Science behind the seasonal display

Here’s what biologists do know. As summer turns to autumn, the days get shorter and colder, both of which are signals to trees to stop photosynthesizing and producing the chlorophyll that makes their leaves green. With green chlorophyll out of the picture, the orange and yellow carotenoid pigments in the leaves that are masked by all the chlorophyll production all summer have their moment to shine.

In some trees, cooler weather cues the production of a chemical called anthocyanin, which helps trees pull the nutrients from their leaves into their trunk and roots. Anthocyanin is responsible for those gorgeous red and purple leaves on trees like red maples and dogwoods.

While every tree is different, studies have found that earlier spring bud burst, warmer temperatures and a dry fall are linked to a later fall foliage season. A shorter foliage season can result from a hot summer and wet fall. Additionally, the concentration of nitrogen in the atmosphere – which humans are releasing into the atmosphere on faster time scales than nature does – affects just how red those gorgeous maples get.

The northeastern U.S. has gotten warmer and wetter over the last century. How have these climate changes affected the timing, vibrancy and duration of fall foliage in Acadia National Park? Have tourists, in turn, changed how and when they visit the park?

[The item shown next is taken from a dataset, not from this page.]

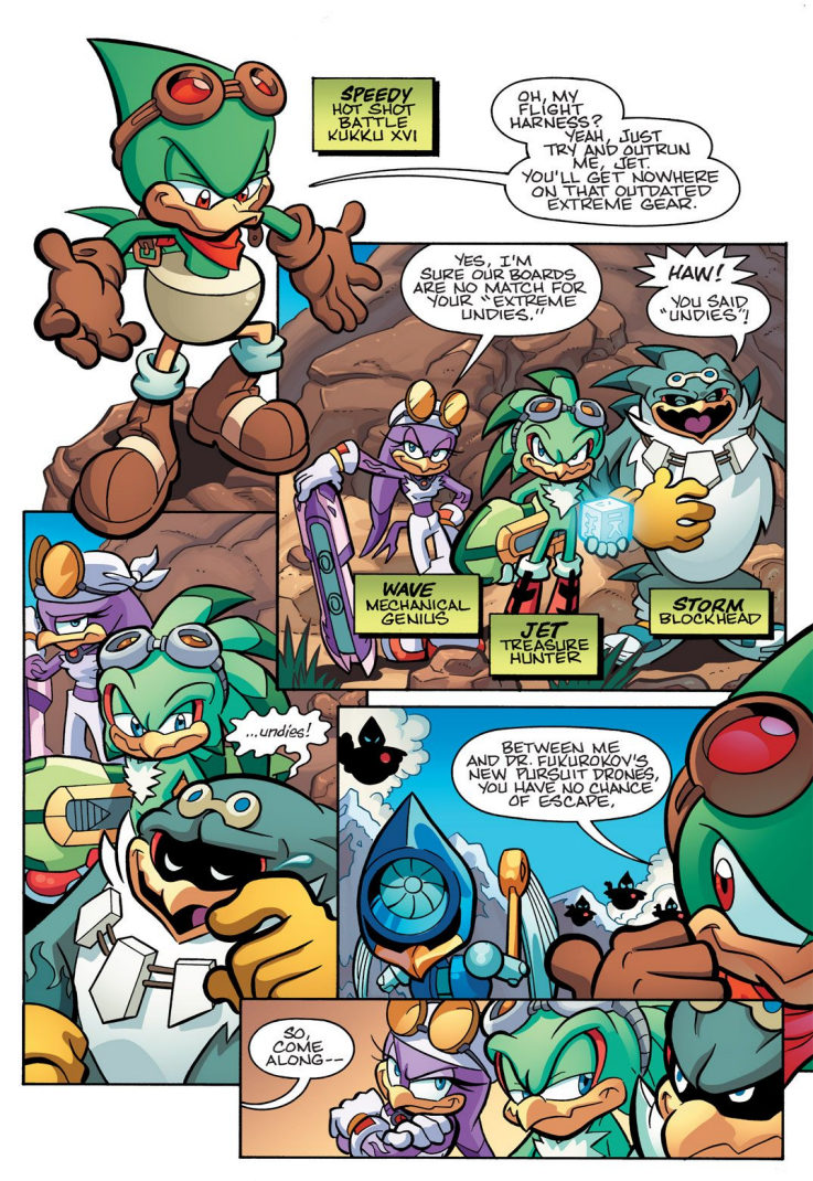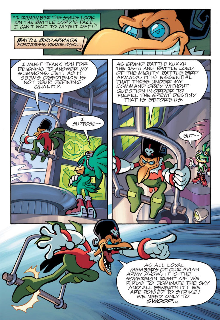 "Babylon Rising, Part 3 of 4: Retribution" The Babylon Rogues and the Battle Bird Armada – united?! And why is this fowl allegiance moving in to attack New Mobotropolis when they’re really searching for the fabled Babylon Garden? The skies erupt in battle as Sonic and Jet finally have their rematch! The surprises keep coming right through to the shocking final assault! |

Looking in new places for old foliage records

To answer this question, my team is using historical data on temperature and precipitation in Acadia National Park. What we’re missing, though, is information about when fall foliage has started and peaked, going back through the decades.

Most historical records of phenology, like those of Henry David Thoreau, are focused on the spring season. Historical documentation of fall foliage is harder to come by.

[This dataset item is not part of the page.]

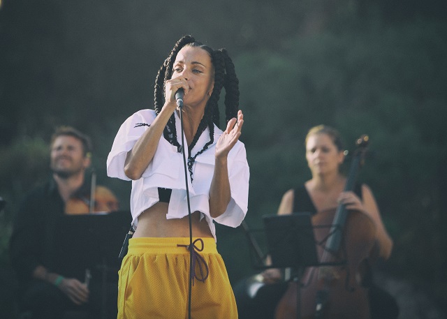 Avant 20h30, La Chica, accompagnée de son fidèle comparse Raphaël Charpentier, a pris possession de la scène selon son rituel.: en jetant quelques gouttes de rhum au sol qui dessinent un cercle sacré où elle dansera et convoquera ses morts. Loin de l'intimité d'une salle de concert, le set de jour et en plein air est devenu très dansant. La Chica occupait toute la scène avec aisance et magnétisme: radieuse, elle montrait beaucoup de naturel et de vitalité. Amusant détail poétique: au moment où elle interprétait The Sea, une nuée de goélands a envahi le ciel et tournoyé au-dessus du théâtre, leurs ventres nous offrant les reflets dorés du soleil couchant. Le public s'est rapproché, a dansé. Le titre La Loba a été retravaillé pour la scène et était vraiment très beau. Ce fut un pur plaisir de revoir la Chica en set électro, quel charisme solaire! Elle revient en solo piano-voix le 3 décembre à L'Espace Julien.

My colleagues and I are mining National Park reports and old newspapers, like this article in the Oct. 12, 1893 Bar Harbor Times, which is local to Acadia National Park:

“The autumn foliage on Mount Desert was never more brilliant than this year. The hills are ablaze with crimson and yellow, and the woodbine embowered cottages are resplendent with opalescent tints. But, alas ‘tis but the beetie glow in the consumptive’s cheek. A few weeks and winter’s white pail will cover all the autumn glories.”

But the records are few and far between.

We’ve found one continuous record of fall foliage since 1975, although it’s not focused on the Acadia area. Polly’s Pancake Parlor in Sugar Hill, New Hampshire has been collecting data on onset and peak of fall foliage since the mid-1970s. Interestingly, their data show that since 1975 fall foliage gets going earlier in the year, but peak fall foliage occurs later.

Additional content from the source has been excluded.